Bio

Catherine Villalonga is a Queer Cuban-American interdisciplinary visual artist and cultural worker based in Tequesta, Seminole, and Miccosukee land, Miami, Florida. They hold an Associate degree in Arts from Miami Dade College and a Bachelor of Fine Arts in Art and Technology from New World School of the Arts and the University of Florida with a minor in Art History.

As an artist, they alchemize color, story-telling, and composition to manifest dreamscapes of potential futures, emphasizing the urgency to retrieve a right relationship with the land–with queer and trans folk at the center. They work with digital illustration, animation, and printmaking.

Artist Statement

My practice explores the ways in which Queer and Trans people are in intrinsic linkage with the earth. This is framed in my work geopolitically by the crises that Miami’s people face; a city on the frontlines of a housing and climate crisis–inches above water. The same systems that oppress queer people also exploit our natural world, and thus, returning to the earth in the fight for self-determination is indispensable.

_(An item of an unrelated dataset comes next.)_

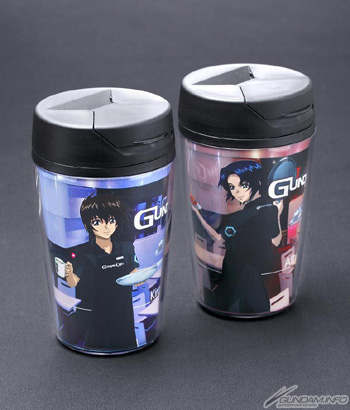 共販售有2款插畫圖案以「煌・大和」與「阿斯蘭・薩拉」為設計的隨行杯,這張描繪他們穿著GUNDAM CAFÉ工作制服在餐廳內工作情形的插畫,是由『機動戰士鋼彈SEED』作畫導演米山浩平老師所親筆繪製的完全原創插圖。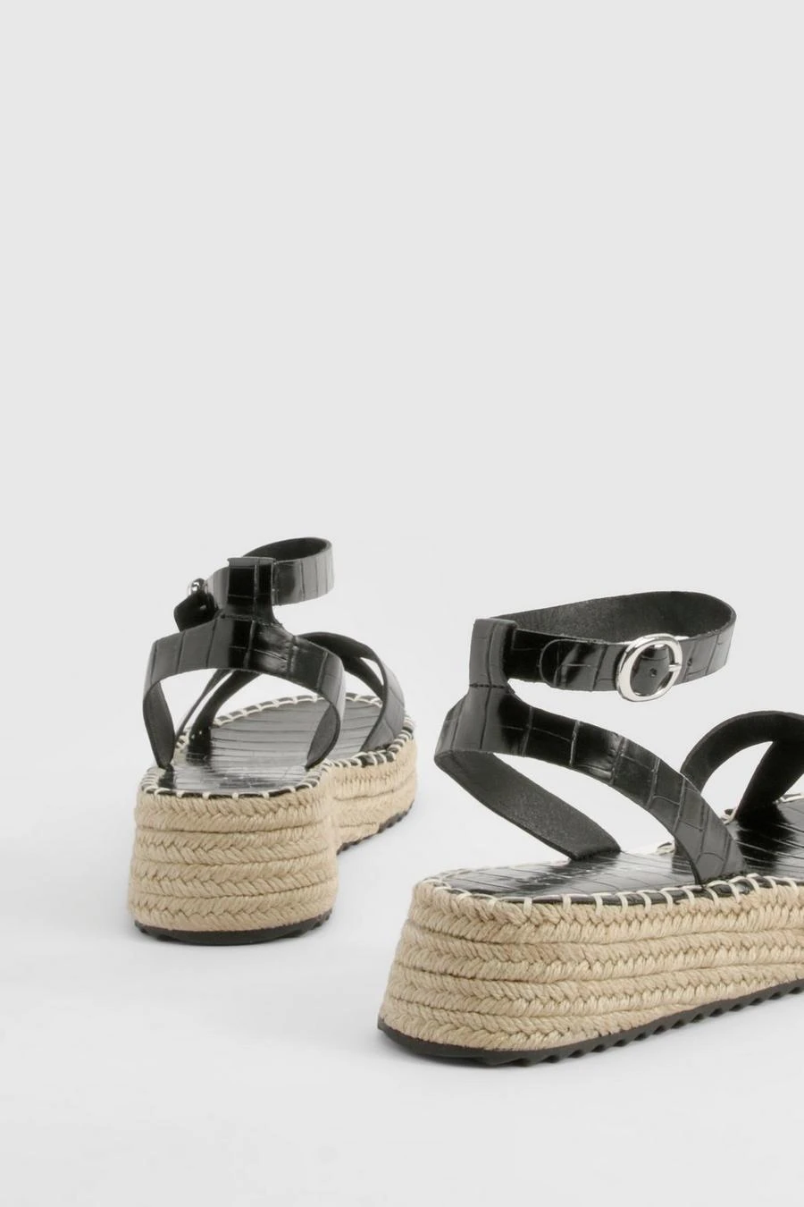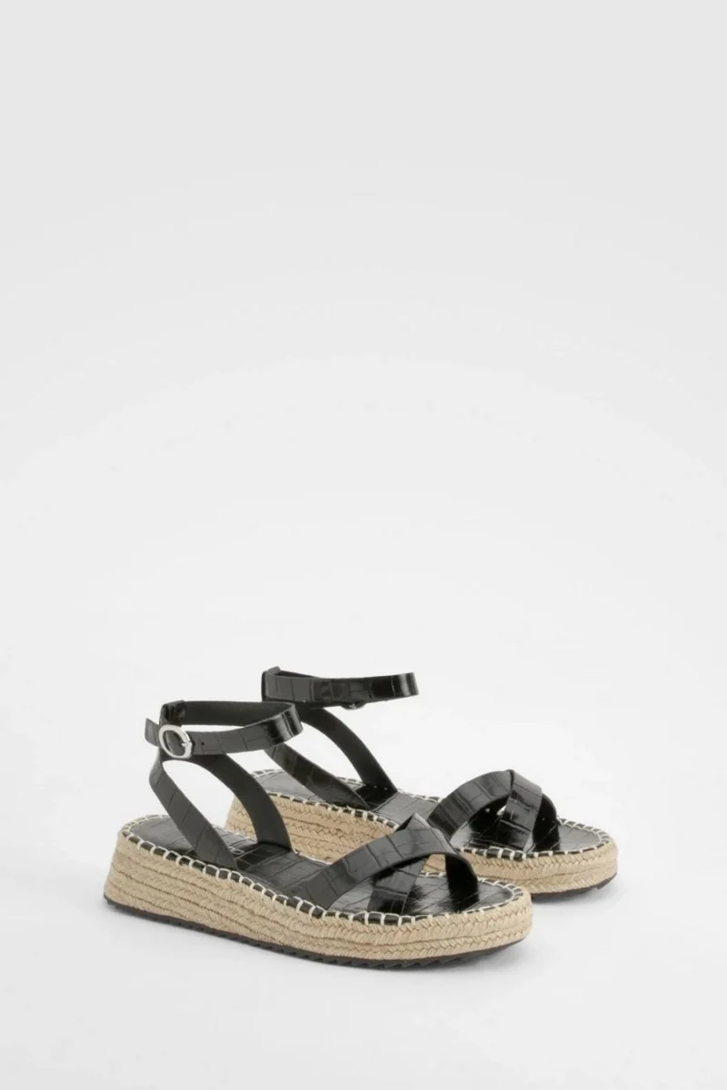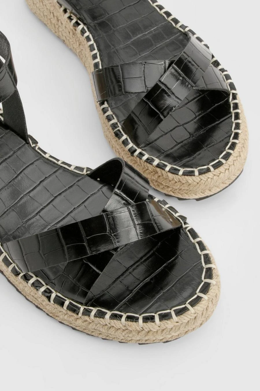 BOOHOO Croc Crossover Flatform Sandals

Collaborating with local organizers and artists, I aim to create imagery that incites collective consciousness and nurtures dreaming by depicting tangible portrayals of new worlds.

I often make flyer-based work, creating signage for community events, protests, and spaces of play–where queer bodies flourish in acts of resistance. The nature of this work is communicative and accessible, and consequently, primarily figurative. In addressing these issues I merge illustrated dreamscapes of whimsical, queer bodies in lush environments with a research-based process that explores Florida and Caribbean indigenous plant and animal life. This, alongside centered and dynamic compositions, not only serves to contextualize my work geographically but underscores the innateness of the linkage. Informed by the story-telling of artists such as Belkis Ayón, Ana Mendieta, and Manuel Mendive, I draw from my Cuban heritage and use figurative imagery and composition as a conduit for communication.

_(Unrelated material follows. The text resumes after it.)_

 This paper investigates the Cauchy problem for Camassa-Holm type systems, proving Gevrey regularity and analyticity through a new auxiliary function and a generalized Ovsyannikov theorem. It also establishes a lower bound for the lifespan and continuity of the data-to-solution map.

 I primarily work with vibrant colors reminiscent of Miami and the Caribbean that act as visual signifiers by tapping into shared cultural memory. Color is a powerful tool that tells stories and weaves language of resistance into images by preserving and elevating diasporic cultures–we see this archived across Miami's landscape. Apart from using bright, saturated colors symbolically, I also employ color as a channel to depict the magic that encapsulates Queer identity. Alchemizing figurative imagery, color, and composition, I am to conjure worlds where marginalized bodies–with an emphasis on queer and trans people–can move and love freely under the sun.